Aim of the task — When you copy the data that follows, reproduce every word exactly and leave out the images.

Given information —
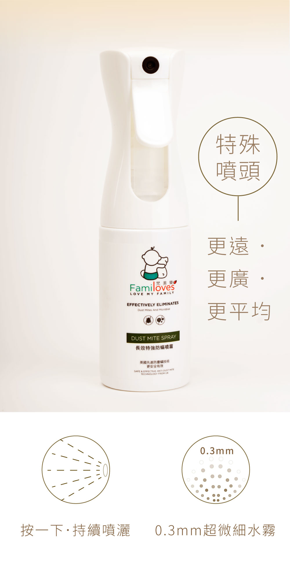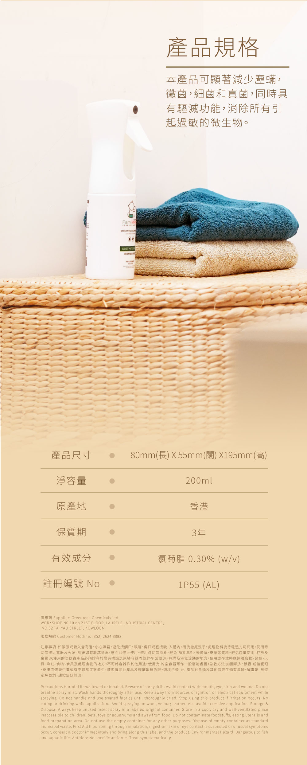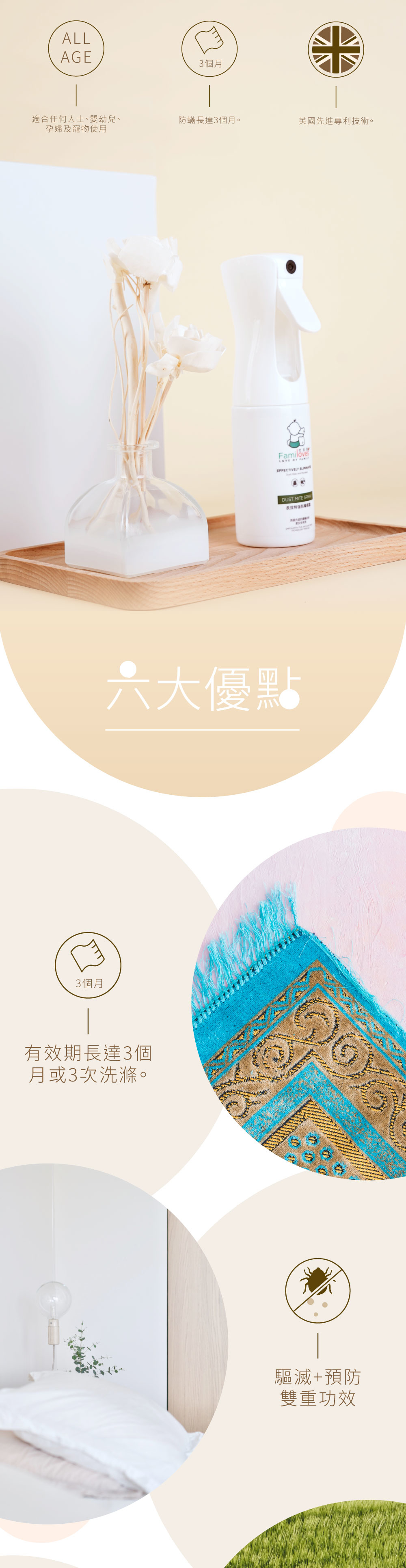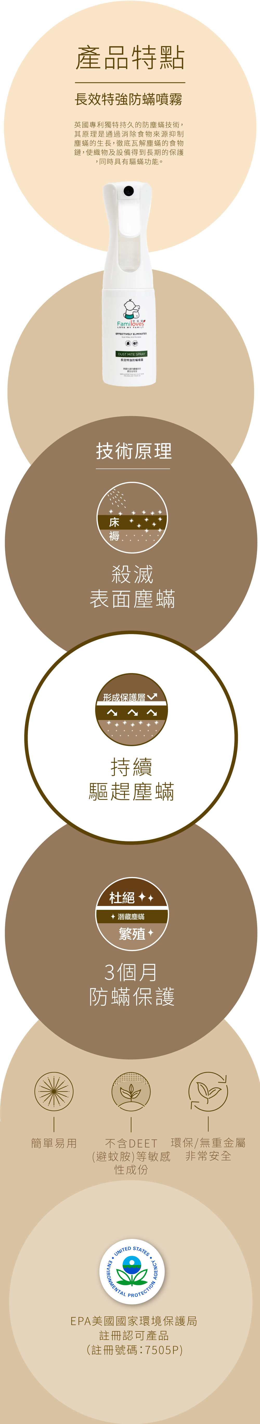 本產品可顯著減少塵蟎,黴菌,細菌和真菌的數量。它通過消除食物來源抑制塵蟎的生長,徹底瓦解塵蟎的食物鏈,使織物及設備得到長期的保護,同時具有驅蟎功能。消除所有引起過敏的微生物,創造一個健康的環境。經處理的織物將持續有效期3個月或多達20次洗滌。
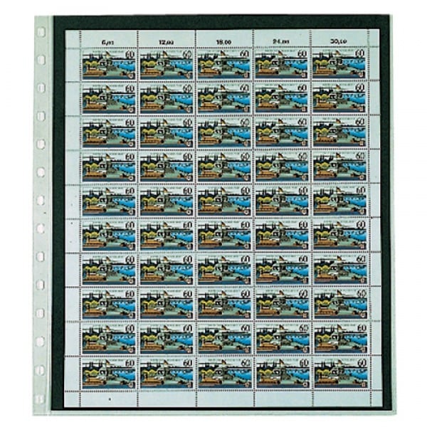 These 14-hole polyester pages are especially useful for large stationery, mint sheets, etc. Crystal clear pocket on one side, pages are supplied with pH-neutral black cardboard inserts for use as double-sided pages for efficient storage. Fit all Classic 14-ring albums.
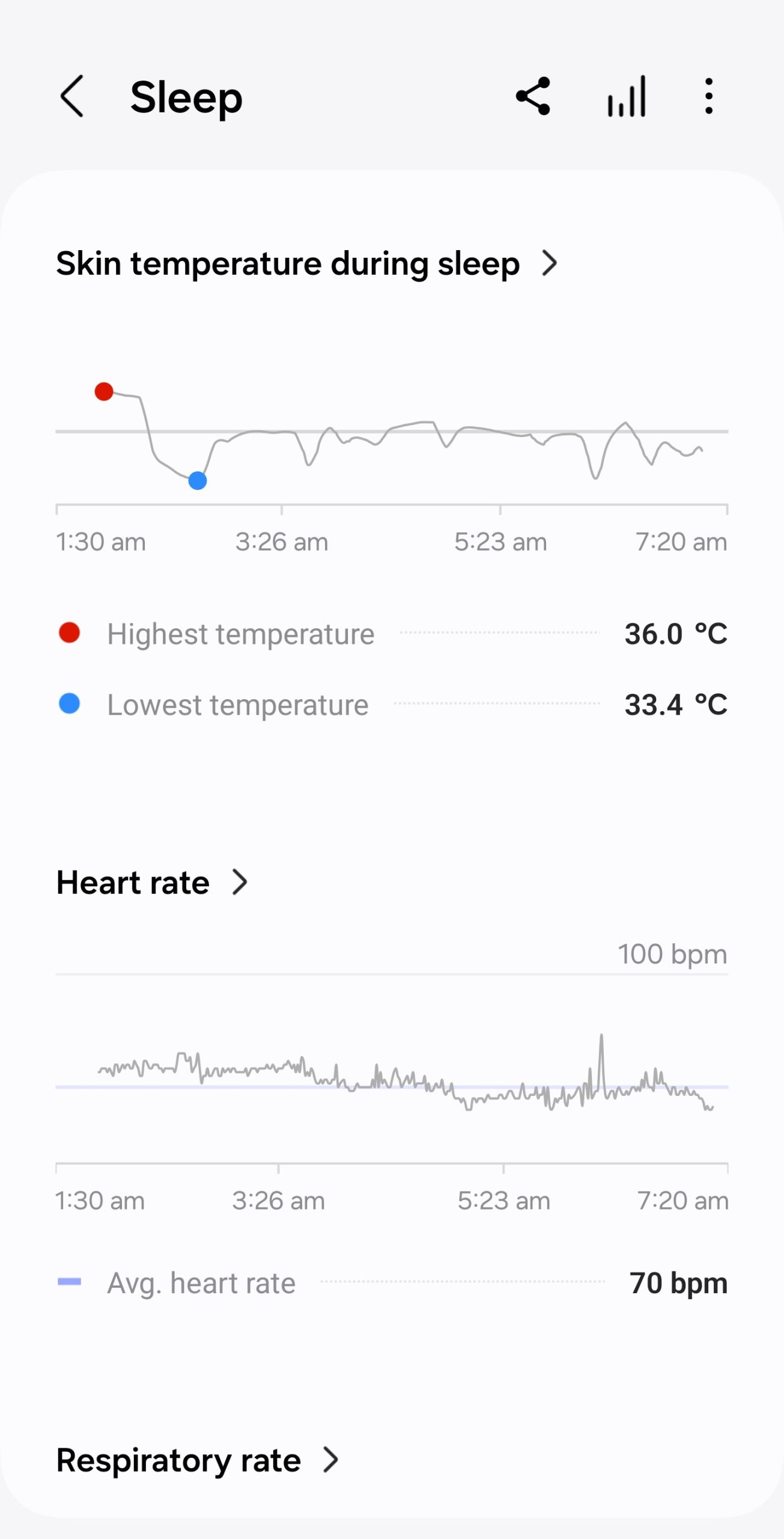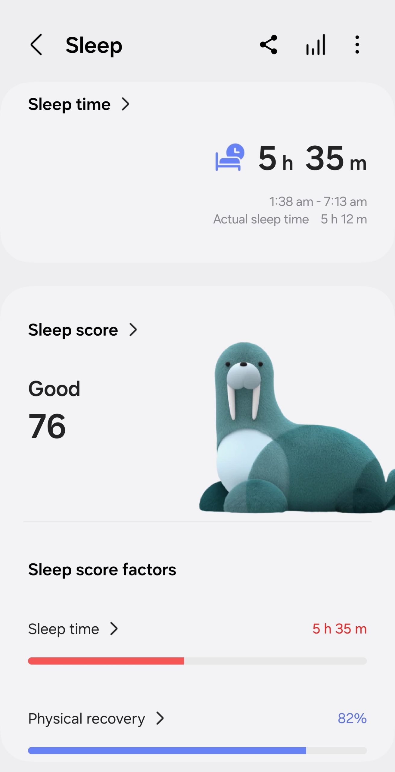 I usually sleep between five and six hours a night and earned a sleep score of 76 which Galaxy Ring told me is five points higher than the average for my age group.

Answer to the exercise —
 本產品可顯著減少塵蟎,黴菌,細菌和真菌的數量。它通過消除食物來源抑制塵蟎的生長,徹底瓦解塵蟎的食物鏈,使織物及設備得到長期的保護,同時具有驅蟎功能。消除所有引起過敏的微生物,創造一個健康的環境。經處理的織物將持續有效期3個月或多達20次洗滌。
 These 14-hole polyester pages are especially useful for large stationery, mint sheets, etc. Crystal clear pocket on one side, pages are supplied with pH-neutral black cardboard inserts for use as double-sided pages for efficient storage. Fit all Classic 14-ring albums.
 I usually sleep between five and six hours a night and earned a sleep score of 76 which Galaxy Ring told me is five points higher than the average for my age group.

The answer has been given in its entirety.